* PROBLEM DETAILS *
Up to and including the line bearing "RefrigiWear HiVis Insulated", output every line of the entries exactly as written, starting from the first; pictures stay out.

* DATA SUPPLIED *
*** Block opens ***
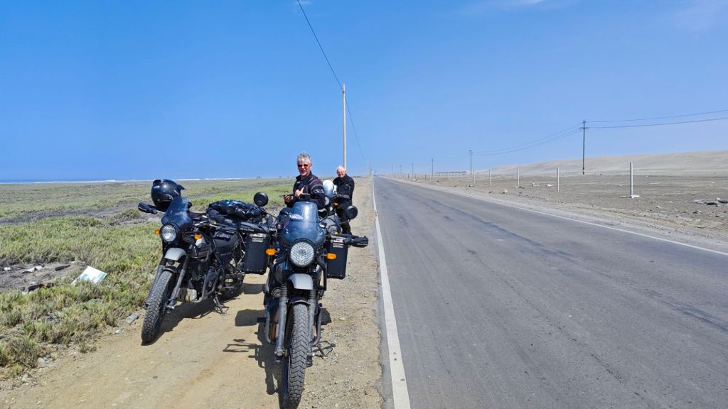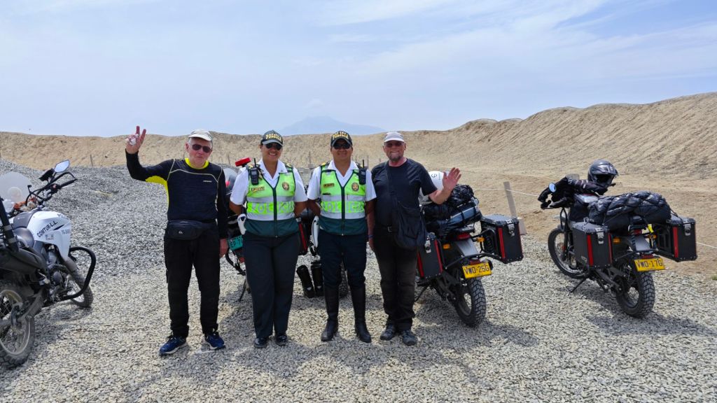 Das Glück war wieder einmal bei uns. In Chan-Chan angekommen waren zwei freundliche Beamte der Touristenpolizei sofort bereit auf unsere Motorräder, die Kombijacken und Stiefel aufzupassen. So dass wir leichter bekleidet einen längeren Rundgang unternehmen konnten.
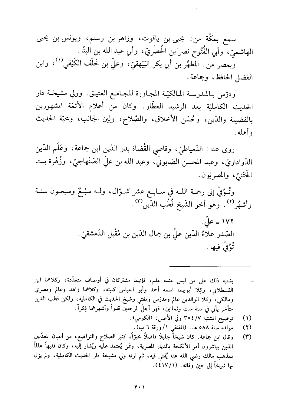 [ () ] يشتبه ذلك على من ليس عنده علم، فإنّهما مشتركان في أوصاف متعدّدة، وكلاهما ابن القسطلاني، وكلا أبويهما اسمه أحمد وأبو العباس كنيته، وكلاهما زاهد وعالم ومصري ومالكي، وكلا الوالدين عالم ومدرّس ومفتي وشيخ الحديث في الكاملية، ولكن قطب الدين متأخر يأتي في سنة ست وثمانين، فهو أجلّ الرجلين قدرا وأشهر هما ذكرا.
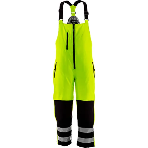 RefrigiWear HiVis Insulated Softshell High Bib, Black/Lime, -10°F Comfort Rating, 3XL
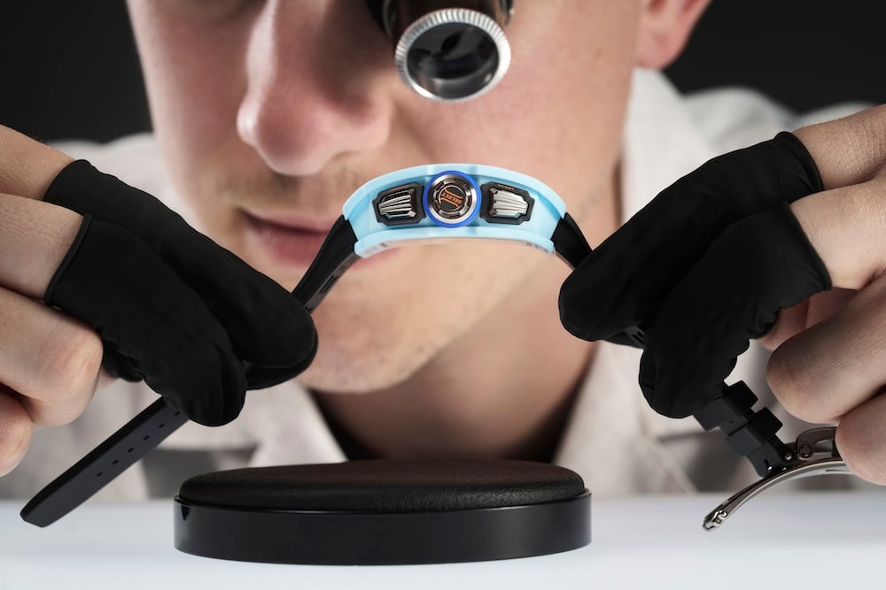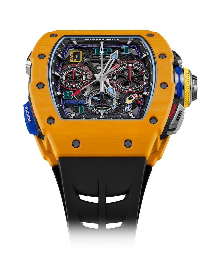 Con la sua ruota a 6 colonne, il calibro RMAC4 orchestra magistralmente la misurazione del tempo. Questo movimento automatico è dotato di un bilanciere con inerzia variabile ad alta frequenza, con 36.000 alternanze all’ora. Un pulsante situato a ore 8 permette di ricaricare rapidamente la molla del bariletto, a rotazione rapida. Il motore di questo cronografo beneficia quindi di una autonomia di 60 ore. Il selettore di funzione sulla corona consente a chi lo indossa di passare rapidamente dalla modalità di carica tradizionale (W), all’impostazione della data semi-istantanea (D) e infine alla regolazione di ore e minuti (H). Il cronografo automatico sdoppiante RM 65-01 in Quartz TPT giallo scuro e Quartz TPT blu pastello è pensato per un’estate da vivere tutta d’un fiato, ricca di sensazioni ed esperienze: per conoscere prezzo e disponibilità dei modelli, in edizione limitata a 12o esemplari, è necessario contattare la maison.
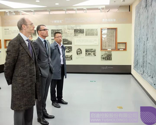 Marc Hubsch大使(左一)参观清华大学校史馆
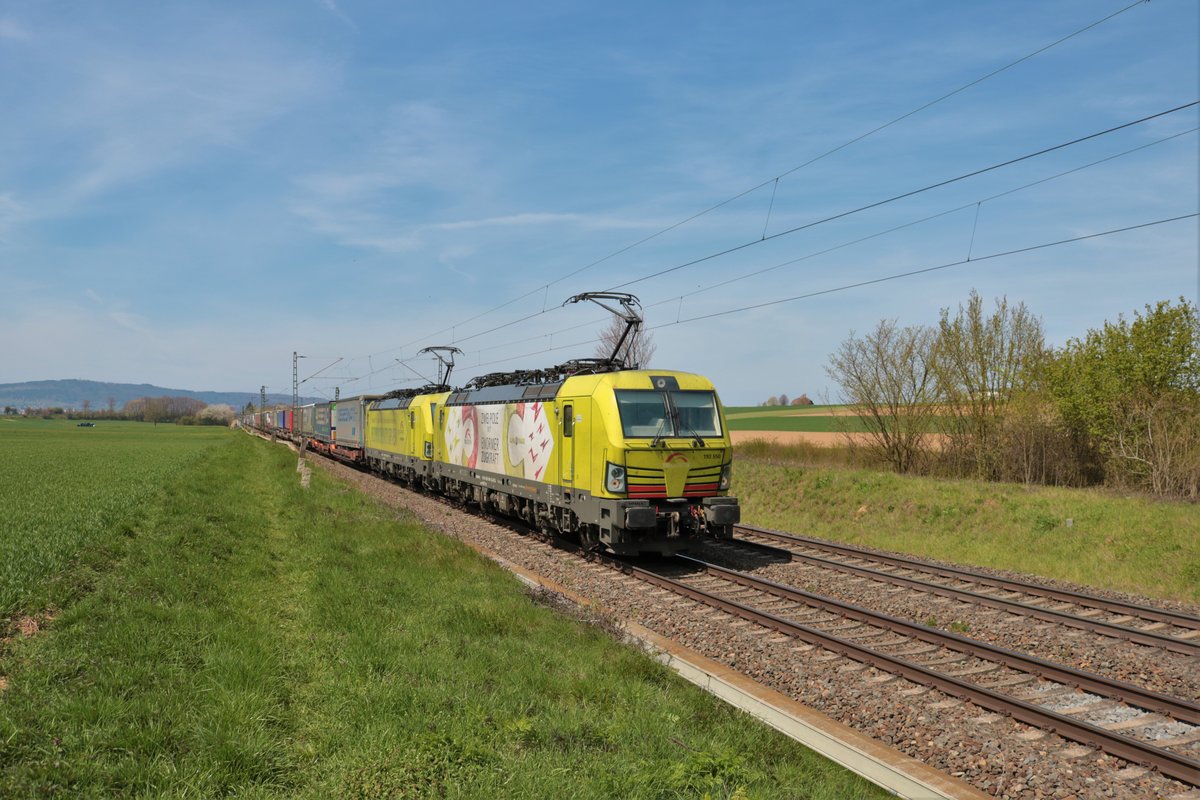 RTB CARGO GmbH, Düren [D] mit der ELL Vectron "193 727" [NVR-Nummer: 91 80 6193 727-5 D-ELOC] und Containerzug am 20.04.21 Bf. Saarmund.
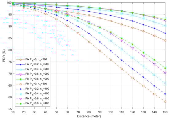 PDR performance of fixed values for total vehicle numbers of = 200 and 400.
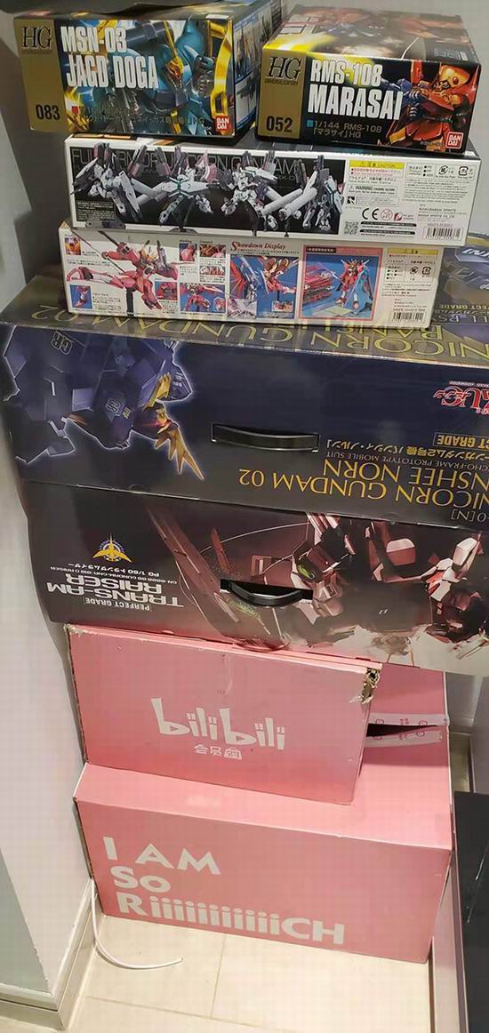 但很多时候都是一时兴起的冲动消费。出差时无意间看到高达模型的广告,韩文聪花1000元买了一个回家,发现还挺有趣的,接着又下单买了近50个。可等快递陆续寄到家,他的兴致也散得差不多了,“也没啥意思。”
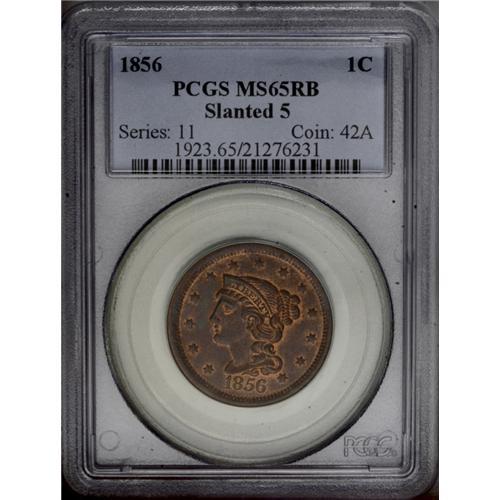 1856 1C Slanted 5 MS65 Red and Brown PCGS. N-2, R.1. D
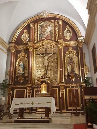 The Church of San Antonio is a Catholic church in Frigiliana, Spain. It features a historic bell tower and an ornately decorated altar, making it a beautiful place to visit.
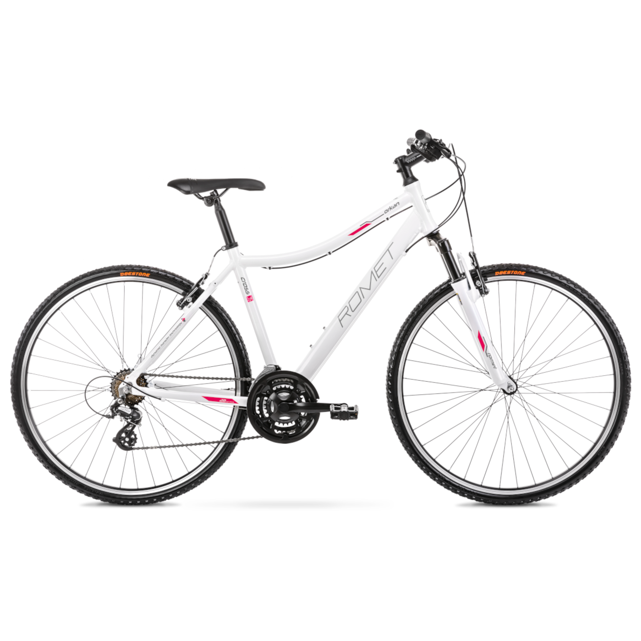 Romet Orkan D -naishybridipyörä soveltuu niin lyhyisiin arkiajeluihin kuin pidemmillekin retkille. 63 mm:n haarukalla, matalammalla rungolla, 28" pyörillä ja 42 mm:n renkailla varustettu pyörä on mukava ajettava.
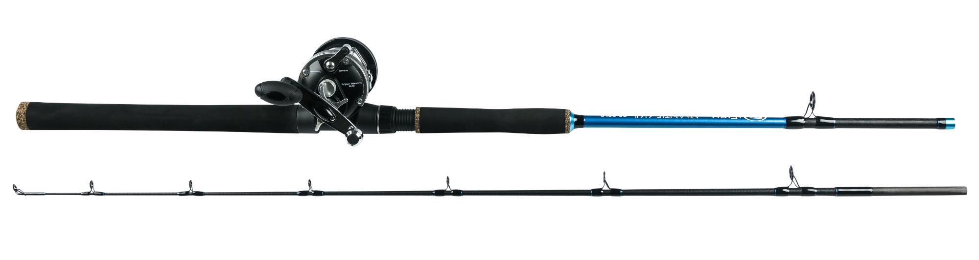 IFISH Atlantis Combo 6' 6" 20-30lb. Fiskeset för havsfiske från båt som klarar tuffa tag. 195cm långt 2-delat grafitspö för beten upp till 400g. Helt nyutvecklad och lätt klinga med robust nedåtlåsande rullfäste. I kombination med kullagrad högervevad havsfiskerulle med maskinskuren aluminiumram och sidostycken i grafit, kraftiga mässingsdrev, aluminiumspole, revspridare, kraftig broms mm. Linkapacitet 275m 0,45mm. Utväxling 4.2:1. Utrustningen är klassad 20-30lb.
*** Block closes ***
* WRITTEN RESPONSE *
 Das Glück war wieder einmal bei uns. In Chan-Chan angekommen waren zwei freundliche Beamte der Touristenpolizei sofort bereit auf unsere Motorräder, die Kombijacken und Stiefel aufzupassen. So dass wir leichter bekleidet einen längeren Rundgang unternehmen konnten.
 [ () ] يشتبه ذلك على من ليس عنده علم، فإنّهما مشتركان في أوصاف متعدّدة، وكلاهما ابن القسطلاني، وكلا أبويهما اسمه أحمد وأبو العباس كنيته، وكلاهما زاهد وعالم ومصري ومالكي، وكلا الوالدين عالم ومدرّس ومفتي وشيخ الحديث في الكاملية، ولكن قطب الدين متأخر يأتي في سنة ست وثمانين، فهو أجلّ الرجلين قدرا وأشهر هما ذكرا.
 RefrigiWear HiVis Insulated Softshell High Bib, Black/Lime, -10°F Comfort Rating, 3XL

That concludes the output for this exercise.